2. The fabricated component lifting device of claim 1, wherein: the winding mechanism (3) comprises a steel wire rope (31), a lifting motor (32), a transverse moving cylinder (33) and a guide rod (34), the lifting motor (32) is installed on the rear side of the force arm (2), the guide rod (34) is arranged at the end part of the transverse moving cylinder (33), the top end of the steel wire rope (31) is wound on an output shaft of the lifting motor (32), and the bottom end of the steel wire rope (31) is connected with the lifting hook (4) after passing through the guide rod (34).

3. The fabricated component lifting device of claim 2, wherein: automatic rope release mechanism (5) include upper hemisphere (51), lower hemisphere (52) and connecting spring (53) of connecting two, upper hemisphere (51) are connected with wire rope (31) bottom, lower hemisphere (52) are connected with lifting hook (4), lower hemisphere (52) top is pegged graft and is had well core rod (54), well core rod (54) top and upper hemisphere (51) fixed connection, upper hemisphere (51) bottom is provided with magnetic path (55), magnetic path (55) bottom is connected with T type pole (56), lower hemisphere (52) are run through to T type pole (56) bottom, and T type pole (56) bottom articulates there is swash plate (57), articulated department is provided with the torsional spring, the height of swash plate (57) diminishes to lifting hook (4) entry end gradually, and the lowest end of lifting hook (4) is higher than the entry end of lifting hook (4), swash plate (57) upper surface is provided with opening (58).

4. The fabricated component lifting device of claim 1, wherein: driven gear (6) are installed to arm of force (2) tail end, and driven gear (6) middle part is run through to peg graft and is had axis of rotation (7), and support (1) top is provided with rotation motor (8), and there is driving gear (9) rotation motor's (8) output shaft top, and driving gear (9) match with driven gear (6) meshing.

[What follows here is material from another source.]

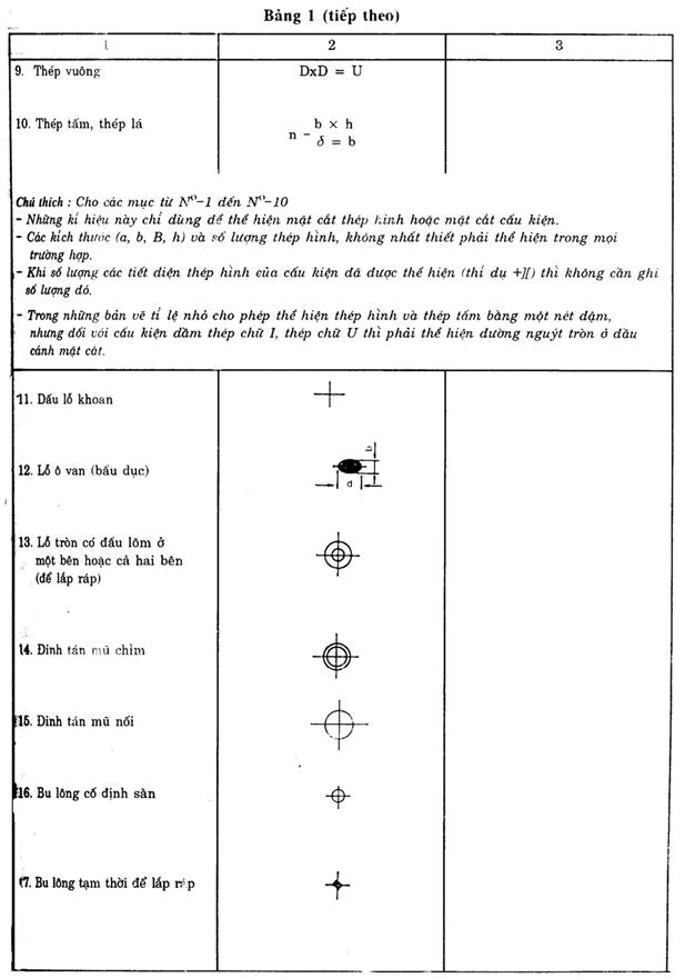 1.3. Những kí hiệu quy ước chung về loại vật liệu thép và các dạng liên kết trong kết cấu thép được trình bày trong bảng 1. Nếu sử dụng những kí hiệu không có trong bảng này thì phải chú thích trên bản vẽ

5. The fabricated component lifting device of claim 3, wherein: wire rope (31) top is provided with top dish (10), ring channel (11) have been seted up to top dish (10) bottom, ring channel (11) inside is provided with spacing dish (12), spacing dish (12) bottom horizontal sliding connection has vertical plate (13), be connected with horizontal spring (14) between vertical plate (13) and spacing dish (12), it has L template (15) to peg graft in vertical plate (13) bottom, L template (15) are located the upper surface bottom of hemisphere (52) down, and the upper surface of the horizontal segment of L template (15) has one section arcwall face.

6. The fabricated component lifting device of claim 5, wherein: the projection of the arc surface on the lower surface of the upper hemisphere (51) is entirely located in the lower surface of the upper hemisphere (51) and does not coincide with the edge.

7. The fabricated component lifting device of claim 1, wherein: the outer edge of the top plate (10) is provided with a plurality of horn covers (16) which incline downwards in an inclined way, and the horn covers (16) are uniformly distributed in a circle with a central shaft of a steel wire rope (31) rod at intervals.

8. The fabricated component lifting device of claim 5, wherein: the upper surface and the lower surface of the horizontal segment of L-shaped plate (15) are provided with noise reduction pads made of rubber, and a plurality of concave holes are formed in the surfaces of the noise reduction pads.

9. The fabricated component lifting device of claim 3, wherein: the corners of the upper surface of the inclined plate (57) are subjected to fillet treatment and are positioned at the positions, inclined downwards, of the openings (58) and used for reducing abrasion to the steel wire ropes (31).